15 years of experience with Identity columns51
June 4, 2014 by Kenneth Fisher
- An identity column is an auto incrementing column
- An identity column is typically used as a primary key
- A primary key that’s an identity column is usually a surrogate key
- A surrogate key is one that is not related to the contents of the row in any way
- An identity column must be NOT NULL
- You can tell if a column is an identity column by looking at the is_identity column of sys.columns or using the COLUMNPROPERTY function (TableObjectId, ColumnName, ‘IsIdentity’)
- An identity column has three parts. Data type, Seed, and Increment
- The data type of an identity column is typically an INT but can be most numeric data types. ie tinyint, smallint, int, bigint, decimal(p,0), or numeric(p,0)
- The seed defaults to 1 and is usually 1. It can however been any value that fits in the data type.
- IDENT_SEED returns the original seed value of a table
- To change the seed of a table use DBCC CHECKIDENT
- The increment is how much the identity column increases each time a new row is added
- If the increment is negative then the identity values do in fact go down
- Negative increments can be handy if your identity column has reached the max value of the data type. Reseed to 0 (assuming that is where you started) and set your increment to -1.
- IDENT_INCR returns the increment of a table
- Identity columns can have gaps in the sequence
- @@IDENTITY returns the last identity value generated within the current session but ignores scope
- Don’t use @@IDENTITY unless you know you should
- SCOPE_IDENTITY returns the last identity value generated within the current session and scope
- IDENT_CURRENT returns the last identity value generated for a specific table or view
- Use SCOPE_IDENTITY when you want the identity value for the row you just inserted
- Use IDENT_CURRENT to get the most recent identity value from a table before you do an insert
- If you don’t have permissions on the table then IDENT_CURRENT will return NULL — Thanks Anthony
- Don’t use @@IDENTITY <- Worth repeating twice
- In general you don’t list the identity column (the insert will fail even if there is a null value being inserted into the column)
- If you want to insert a specific value into the identity column you have to use the IDENTITY_INSERT setting.

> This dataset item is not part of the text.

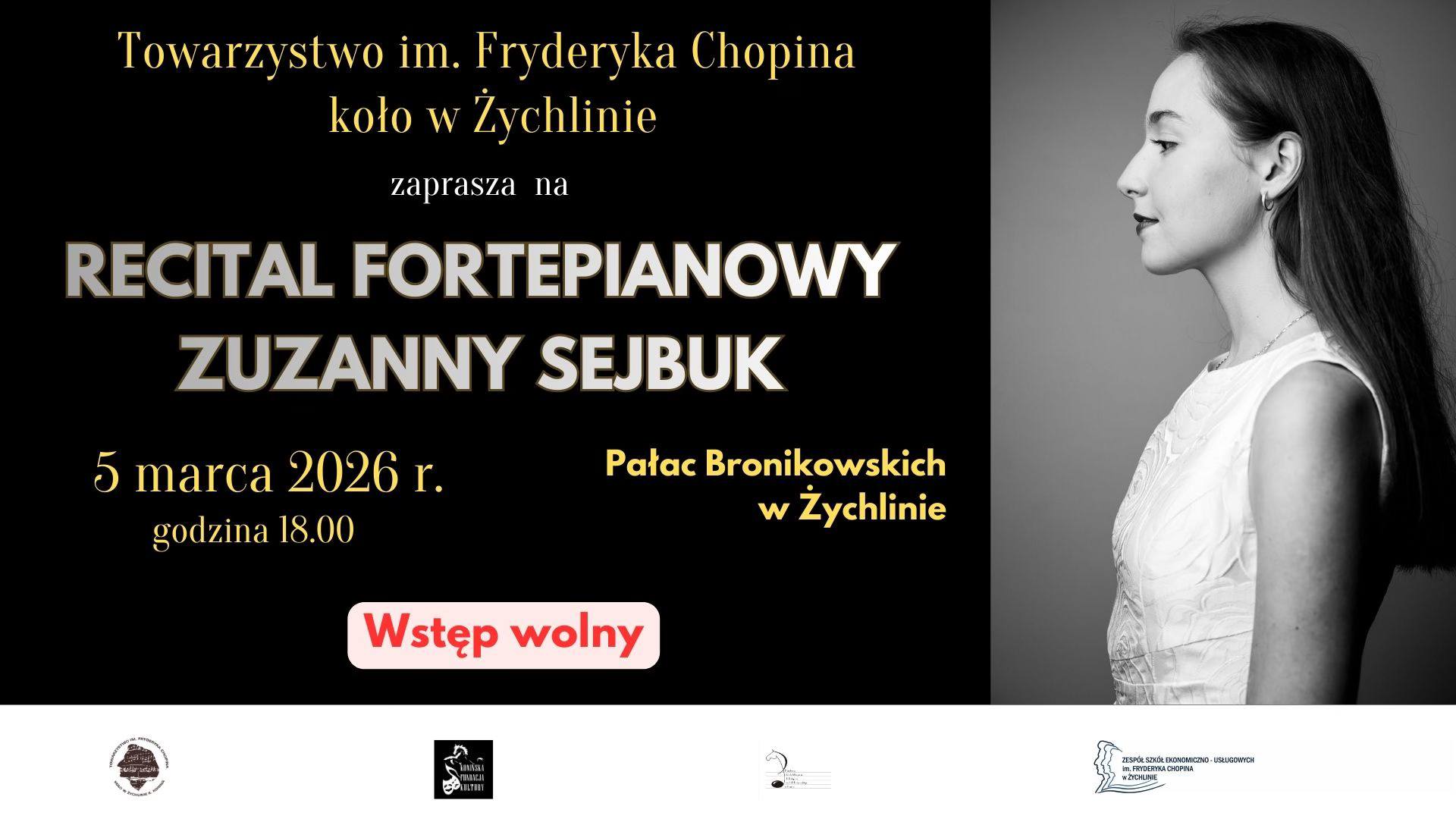 Towarzystwo im. Fryderyka Chopina koło w Żychlinie ma zaszczyt zaprosić Państwa na niezapomniany Recital Fortepianowy Zuzanny Sejbuk.

- SET IDENTITY_INSERT TableName ON
- To insert a value into the identity column you must list the columns in the insert statement.
- Make sure you turn IDENTITY_INSERT back off when you are done. Only one table in a session can have IDENTITY_INSERT turned on at a time
- SET IDENTITY_INSERT TableName OFF
- When doing a SELECT INTO you can use the IDENTITY function –Thanks SQLAndy & Jeff
SELECT IDENTITY(Int, 1,1) AS Col_Name INTO TableName FROM sys.databases
- If you truncate a table it resets the seed. –Thanks Kevin
- If a table has less than 1000 rows it will be reseeded to 1000 after a system restart — Thanks Anthony
- In a memory-optimized table, the only allowed value for both seed and increment is 1 — Thanks Ypercube
Category: Microsoft SQL Server, SQLServerPedia Syndication, T-SQL | Tags: code language, language sql, microsoft sql server, sql statements, T-SQL
51 thoughts on “15 years of experience with Identity columns”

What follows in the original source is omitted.